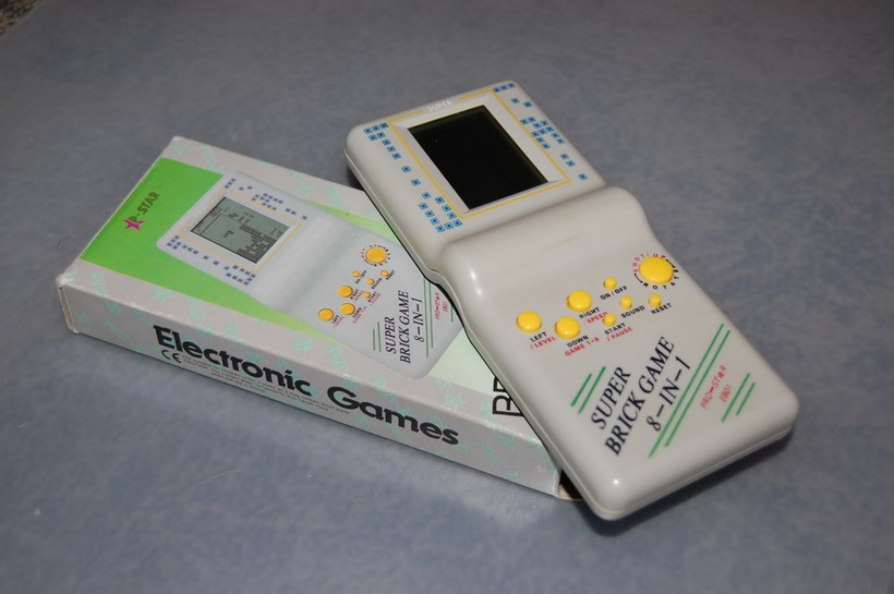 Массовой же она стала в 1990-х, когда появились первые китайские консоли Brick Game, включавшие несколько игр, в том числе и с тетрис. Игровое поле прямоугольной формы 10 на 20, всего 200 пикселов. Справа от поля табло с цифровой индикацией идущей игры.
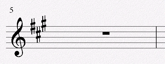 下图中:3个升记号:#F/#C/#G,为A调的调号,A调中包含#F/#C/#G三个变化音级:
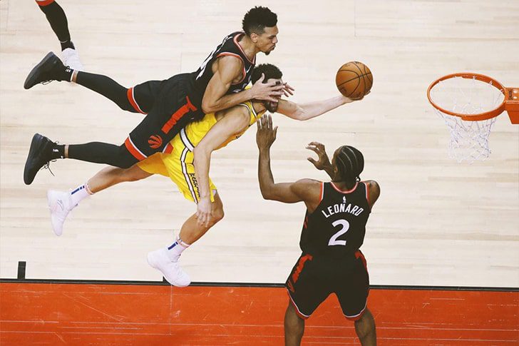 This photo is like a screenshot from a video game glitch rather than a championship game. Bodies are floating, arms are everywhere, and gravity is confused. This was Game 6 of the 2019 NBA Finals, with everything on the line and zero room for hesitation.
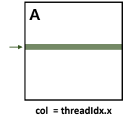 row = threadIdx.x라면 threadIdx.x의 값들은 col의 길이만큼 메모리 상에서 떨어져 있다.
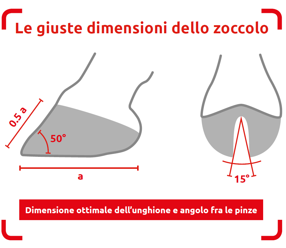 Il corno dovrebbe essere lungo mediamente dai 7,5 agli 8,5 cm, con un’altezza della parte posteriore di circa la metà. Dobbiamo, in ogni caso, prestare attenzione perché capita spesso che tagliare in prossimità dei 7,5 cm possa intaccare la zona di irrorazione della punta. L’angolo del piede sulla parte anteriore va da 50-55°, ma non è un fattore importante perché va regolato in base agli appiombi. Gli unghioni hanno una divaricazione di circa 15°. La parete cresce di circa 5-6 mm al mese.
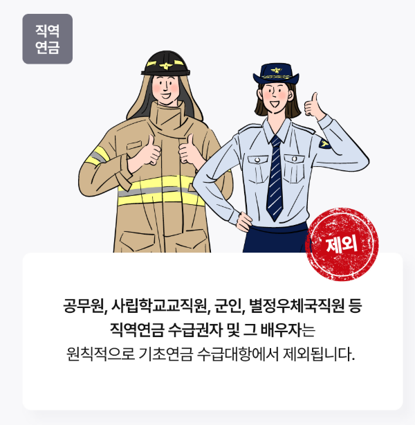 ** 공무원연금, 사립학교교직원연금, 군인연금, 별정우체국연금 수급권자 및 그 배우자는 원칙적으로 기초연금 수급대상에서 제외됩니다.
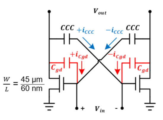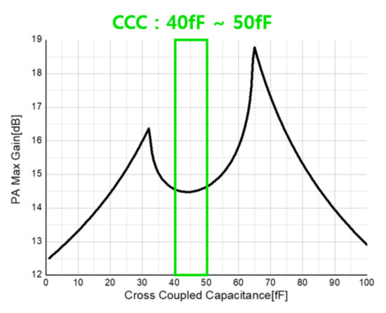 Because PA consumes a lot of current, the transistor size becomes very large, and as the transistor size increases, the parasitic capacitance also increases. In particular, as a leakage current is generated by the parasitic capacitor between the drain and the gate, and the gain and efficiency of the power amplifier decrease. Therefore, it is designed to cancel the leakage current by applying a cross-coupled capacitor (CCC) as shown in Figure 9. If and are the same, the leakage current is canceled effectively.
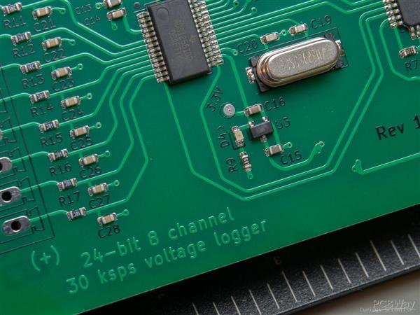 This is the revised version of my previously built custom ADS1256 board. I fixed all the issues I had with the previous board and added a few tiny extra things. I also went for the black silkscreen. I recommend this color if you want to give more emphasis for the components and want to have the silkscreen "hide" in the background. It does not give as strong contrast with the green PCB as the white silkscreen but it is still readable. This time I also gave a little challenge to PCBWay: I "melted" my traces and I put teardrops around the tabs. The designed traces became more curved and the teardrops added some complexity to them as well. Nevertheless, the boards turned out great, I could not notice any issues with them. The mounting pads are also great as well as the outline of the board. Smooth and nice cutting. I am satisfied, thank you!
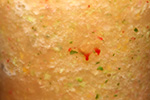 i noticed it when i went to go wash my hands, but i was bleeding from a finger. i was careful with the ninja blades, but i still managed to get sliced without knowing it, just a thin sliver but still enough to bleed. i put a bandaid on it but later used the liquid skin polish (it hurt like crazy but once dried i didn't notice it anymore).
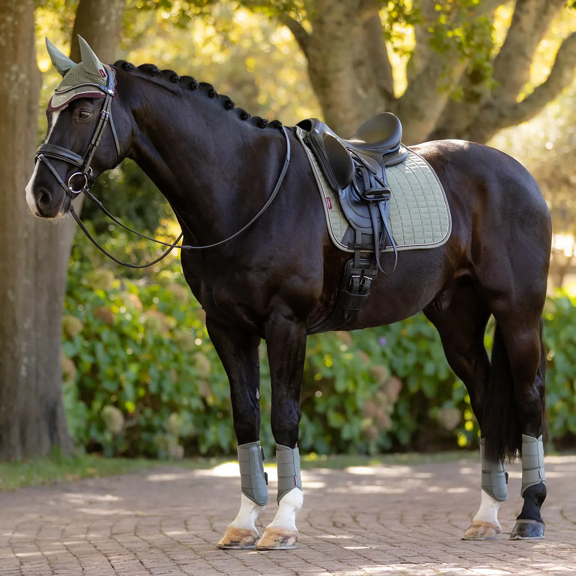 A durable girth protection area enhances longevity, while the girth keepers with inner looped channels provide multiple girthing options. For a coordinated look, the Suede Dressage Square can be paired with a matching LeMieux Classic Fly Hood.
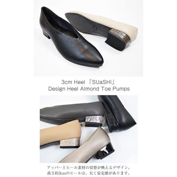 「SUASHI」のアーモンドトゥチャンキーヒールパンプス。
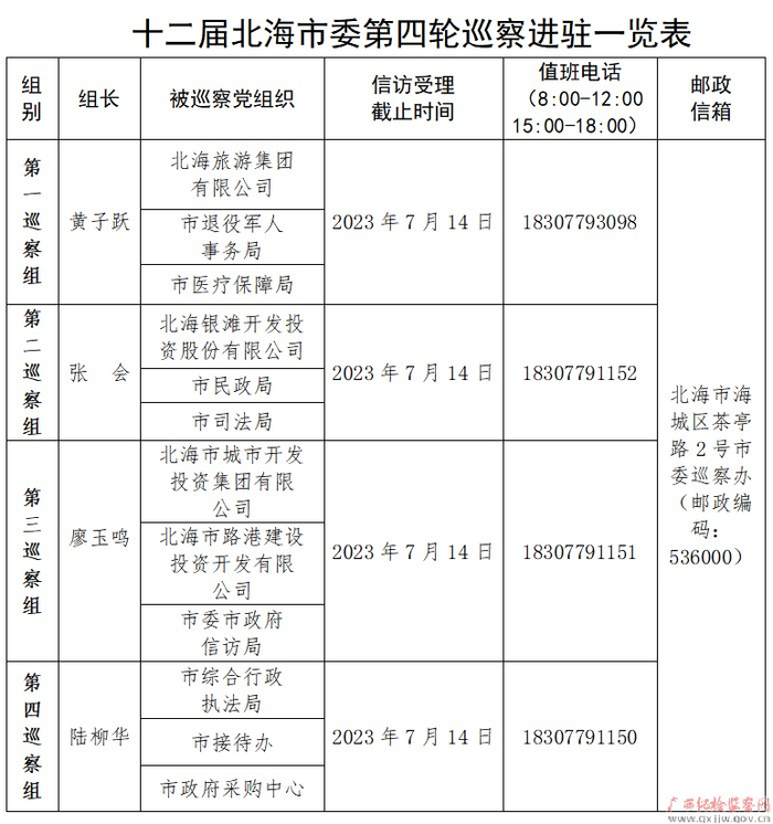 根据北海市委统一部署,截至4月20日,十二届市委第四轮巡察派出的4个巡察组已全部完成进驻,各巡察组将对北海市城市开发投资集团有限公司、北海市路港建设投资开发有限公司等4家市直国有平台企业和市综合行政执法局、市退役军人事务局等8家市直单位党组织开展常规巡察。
★ ★ ★
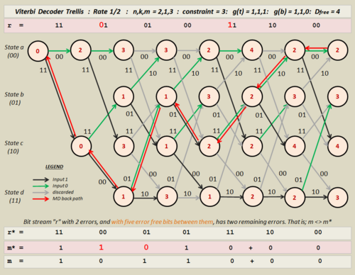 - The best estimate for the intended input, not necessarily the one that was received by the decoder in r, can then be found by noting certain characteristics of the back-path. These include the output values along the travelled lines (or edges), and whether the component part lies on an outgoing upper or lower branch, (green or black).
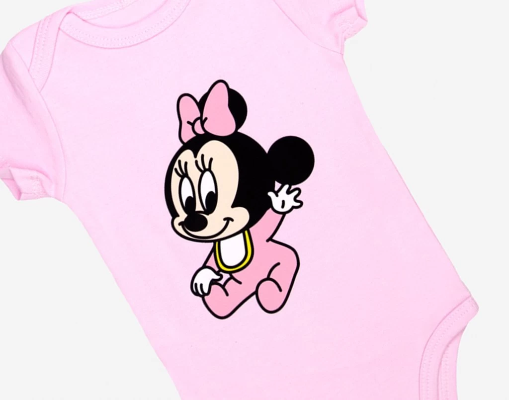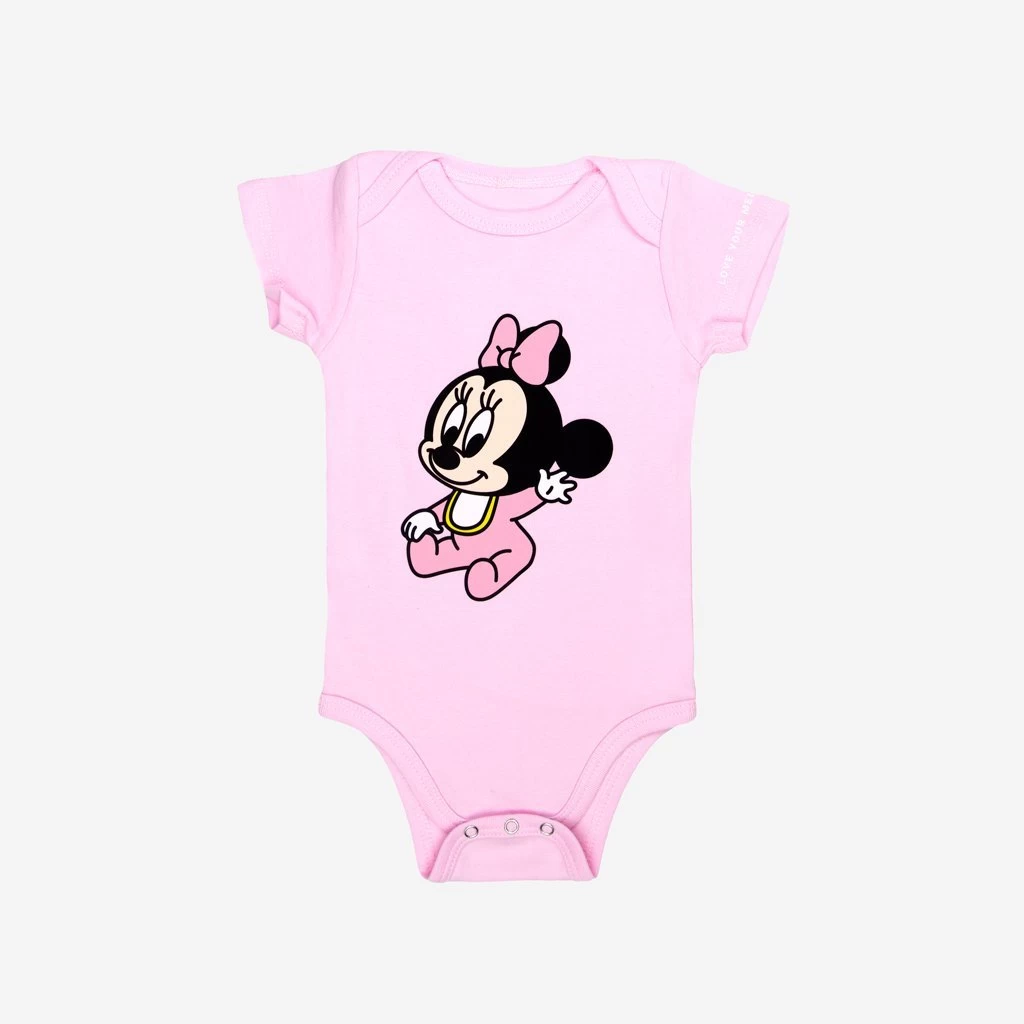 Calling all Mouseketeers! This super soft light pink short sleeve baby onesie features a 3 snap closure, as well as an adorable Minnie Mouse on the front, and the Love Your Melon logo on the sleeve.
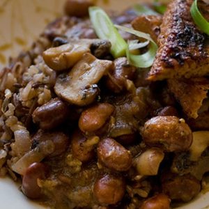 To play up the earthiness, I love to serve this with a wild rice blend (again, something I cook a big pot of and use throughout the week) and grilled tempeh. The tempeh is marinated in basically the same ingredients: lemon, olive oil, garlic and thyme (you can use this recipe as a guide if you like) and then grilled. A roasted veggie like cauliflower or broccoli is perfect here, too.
★ ★ ★
Work to be completed:
From the material above, give again exactly the lines from the one that contains "Массовой же она" through the one that contains "row = threadIdx.x라면", and leave out the pictures.

Response to this task:
 Массовой же она стала в 1990-х, когда появились первые китайские консоли Brick Game, включавшие несколько игр, в том числе и с тетрис. Игровое поле прямоугольной формы 10 на 20, всего 200 пикселов. Справа от поля табло с цифровой индикацией идущей игры.
 下图中:3个升记号:#F/#C/#G,为A调的调号,A调中包含#F/#C/#G三个变化音级:
 This photo is like a screenshot from a video game glitch rather than a championship game. Bodies are floating, arms are everywhere, and gravity is confused. This was Game 6 of the 2019 NBA Finals, with everything on the line and zero room for hesitation.
 row = threadIdx.x라면 threadIdx.x의 값들은 col의 길이만큼 메모리 상에서 떨어져 있다.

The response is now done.